Android 17: Focus Tools and Cross-Platform Upgrades
Android 17 has been in platform stability since March, so most of its features were already known to beta testers. The launch event focused on what actually ships. Pause Point is a playful but effective tool: users can mark an app as a distraction, and opening it triggers a 10-second mandatory reflection screen asking why you are there, offering a breathing exercise or a look at old photos. Disabling this feature requires restarting the phone, ensuring it is not easily bypassed. Creators receive tools long available on iOS. Screen Reactions captures face and screen recording in one take, a staple of Reels content. Adobe Premiere arrives on Android this summer with Shorts templates, albeit eight months late. Instagram on Android gains parity with features like Ultra HDR capture, real stabilization, and a tablet interface not merely stretched from the phone app. Cross-platform features are genuinely surprising. Users can now move from iPhone to Android wirelessly, transferring passwords, messages, eSIM, and home screen layout. Quick Share works with AirDrop on Samsung, Oppo, OnePlus, Vivo, Xiaomi, and Honor phones. Verified bank calls automatically hang up on scammers spoofing numbers, a feature long overdue. For a full list of Android 17 features, readers can refer to the dedicated coverage.
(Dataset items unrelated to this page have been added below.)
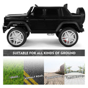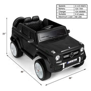 The Mercedes-Benz Electric Ride-On Car for Kids with Lights, Music, and Remote Control - 12V is the ultimate toy car for your child's adventurous spirit. This officially licensed Mercedes-Benz G650S ride-on car is designed to provide your child with mobility, fitness, coordination, and balance from an early age. Safety is a top priority with the JOYLDIAS 12V kids remote control ride on car, featuring overcharge and overload protection for a worry-free playtime. Key Features: Officially Licensed Mercedes-Benz G650S Two Modes of Operation: Kids can operate the car themselves through pedals and steering wheel, or parents can control the car through the 2.4GHz remote control Multiple and Joyful Functions: Built-in AUX port, USB, TF slot, music, Bluetooth, and story, horn for an enjoyable driving journey High-Bright LED Lights: Super cool driving experience, especially at night Safety and Comfort: Slow start function reduces the impact of sudden acceleration, door with safety lock, PU leather seat with safety belt Durable and Portable Design: Made of non-toxic PP and iron, wheels with spring suspension system suitable for all kinds of roads, luggage handle for easy outdoor transportation The JOYLDIAS Mercedes-Benz kids car is powered by a 12V 7AH large-capacity battery with overcharge and overload protection, ensuring a long-lasting and safe playtime. With 2 powerful motors, this ride-on car provides a thrilling speed of 2-4.5 KM/h. The car's dimensions are 46" (L) x 28" (W) x 23" (H) with a weight capacity of 66 lbs. Recommended for children over 37 months of age. Product Specifications: Color: Black Battery: 12V7AH*1 Charger: 12V900MA Car Speed: 2KM/H-4.5KM/H Maximum Load: 66 LBS Product Size: 46" x 28" x 23" Seat Size: 14.5" x 7.4" Back Cushion Size: 14.5'' x 9.8'' Applicable Age: 3+ years old (More suitable for children under 55 inches in height) Assembly Required: Yes Run Time: 45 minutes Charging Time: 8-12 hours (automatically controlled) Music Function: AUX/USB/TF Cards (USB Flash Drive/Mobile Phone etc.) Motor: 12V 30W540*2 The package includes 1 x Electronic Toy Car, 1 x Hardware Bag, 1 x Manual Instruction, and 1 x Bluetooth Remote Control. Please note that adult supervision is required when charging the battery and when children are riding the car. Ensure a safe driving environment by avoiding riding the car at night, near swimming pools, steep slopes, or public roads. The car should only be washed with a clean damp cloth and protected from weather conditions when not in use. Keep children away from the moving vehicle and do not let them touch the wheel for their safety. With its sleek design, exciting features, and safety measures, the Mercedes-Benz Electric Ride-On Car for Kids with Lights, Music, and Remote Control - 12V makes for a perfect gift for your child's birthday or Christmas. Let your child's imagination soar as they embark on thrilling ride-on adventures with this amazing toy car.
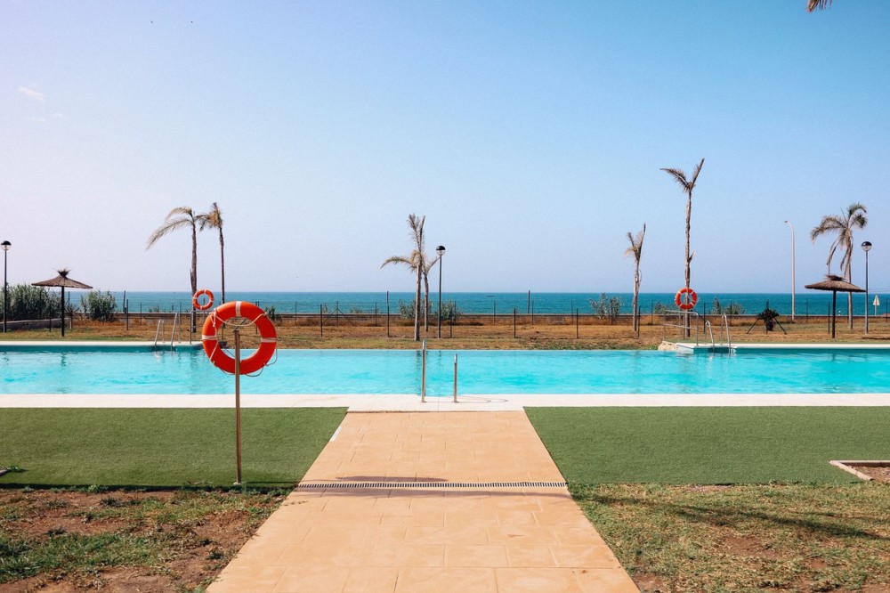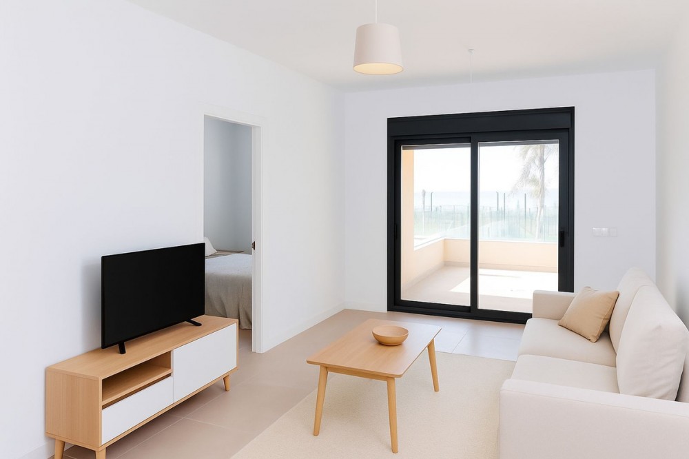 - First-Floor Apartment with Terrace and Sea Views Modern 2-bedroom, 2-bathroom apartment located in a quiet residential area, just minutes from the sea and with excellent access to local amenities and main roads. It features a private terrace with partial sea views, ideal for enjoying the Mediterranean climate all year round. Main features: Fitted kitchen with ceramic hob, sink, and extractor hood Bathrooms with furniture, mirror, and shower screens Built-in wardrobes with interior lining Double-glazed windows and motorized shutters Automatic garage door with remote control Elevator with direct access to the basement Landscaped communal areas with automatic irrigation and paved walkways Building entrances decorated with high-quality materials 2 communal swimming pools and 2 paddle tennis courts Perfect as a main residence, holiday home, or investment.
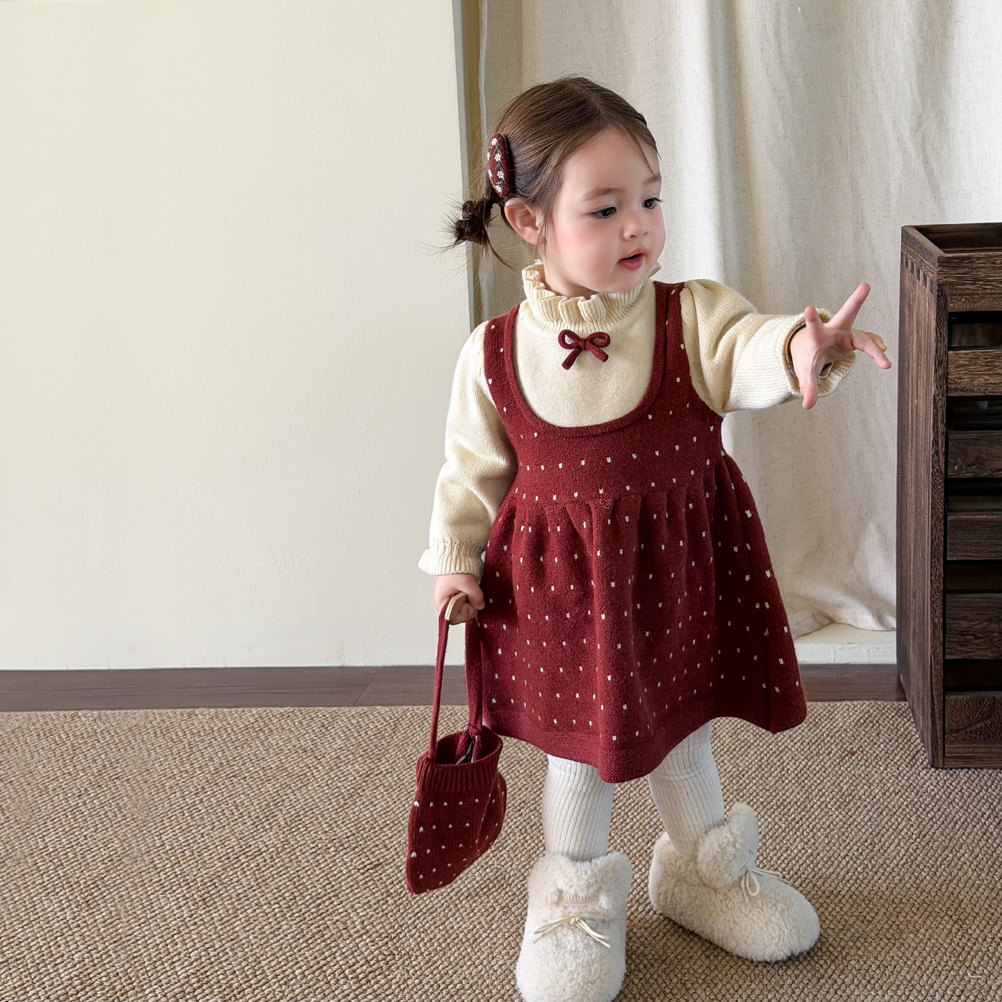 蔗梨童装女童连衣裙冬装加厚假两件儿童公主裙毛衣裙婴儿女宝裙子
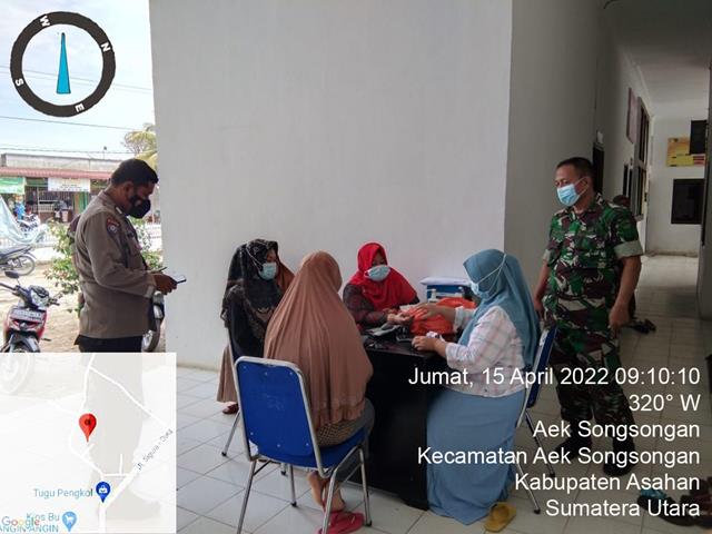 Asahan  |  Guna melancarkan dan mengamankan selama pelaksanaan pemberian vaksin Covid-19 tersebut Babinsa melakukan pendampingan dalam kegiatan tersebut, dalam hal ini Personel Bintara Pembina Desa (Babinsa) Koramil 15/Bandar Pulau jajaran Kodim 0208/Asahan Sertu Eddy Admojo turun kewilayah binaan untuk turut serta melaksanakan kegiatan monitoring pelaksanaan Vaksinasi tahap ke II dan Boster kepada warga masyarakat diwilayah binaan bersama dengan Tim Vaksinasi Puskesmas Aeik Songsongan dan Bhabinkamtibmas Polsek Bandar Pulau, kegiatan tersebut yang dilaksanakan bertempat di Puskesmas Aek Songsongan Kecamatan Aek Songsongan Kabupaten Asahan, Jumat (15/04/2022).
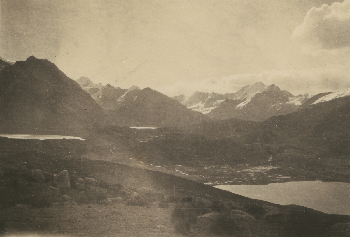 Fotografi från kuvert märkt med "Ernst Nordenskjöld". Vy över kargt och vidsträckt bergslandskap.
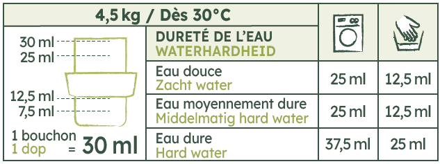 Lave-linge : 25 ml. Sèche-linge : 15 ml sur un torchon humide. Ne tache pas. Suivre les indications de lavage inscrites sur l’étiquette des textiles. Pour respecter l'environnement, faire tourner votre lave-linge à pleine charge, privilégier les cycles de lavage à basse température, et suivre les instructions de dosage.
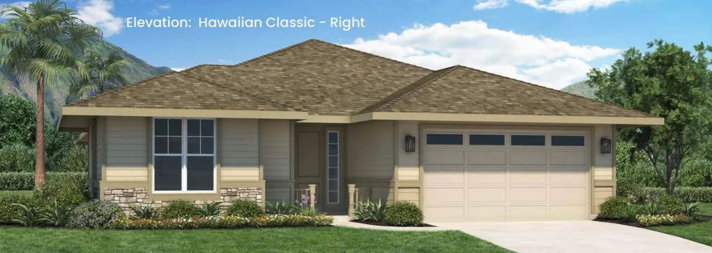 WELCOME HOME! This BRAND-NEW home is located in a highly desirable new community, The Parkways at Maui Lani-Phase 5. This is our final phase. Conveniently located in the Maui Lani Master Planned Community. The community has close proximity to many walking & hiking trails, medical facilities, the airport, shopping, beaches and schools because of its central location. The very popular single level, P4 floor plan is a welcoming 3 bedroom and 2.5 bath with approximately 1,965 s.f. of living space. All homes within our community include 9-foot ceiling, 8-foot custom doors and large sliding glass windows. Additional bonus features include laundry room, exterior insulation, solar hot water heater, and a finished three car garage with two-car tandem configuration on one side. The home will also include a private E-one sewer system. This home has many upgrades including, upgraded tile in bathrooms, LVP flooring upgrade in great room, designer carpeting in bedrooms, EV receptacle with 50 AMP breaker in the garage for electric vehicles, PV prep ready, LED lighted mirrors in all bathrooms, Refrigerator, washer & dryer and custom drop zone. Estimated completion is Oct/Nov 2025. All information subject to change at any time. Photo is for illustration purposes only and is not of the actual home. This home is still under construction. The exterior finish may be different than the finish in photo shown, actual home may be of reverse floor plan.

Missing Pieces: What to Expect at I/O
Despite the volume of announcements, notable gaps remained. No Pixel 11 was mentioned. No Wear OS 7 roadmap was provided. Android XR received only a passing mention, despite Samsung's Galaxy XR headset being available and the Xreal Project Aura glasses still in development. The Aluminium OS was confirmed in spirit but not by name. A 16-minute leaked video revealed more about the Googlebook's operating system than Google itself did. These omissions indicate where I/O is headed. With Android announcements cleared, May 19 will focus entirely on AI, including new Gemini model versions, more agentic features, and likely a Gemini Omni video model that has been leaking for weeks. Hardware reveals typically wait for late summer Pixel events. Smart glasses remain the most teased product in Google's lineup with the least to show.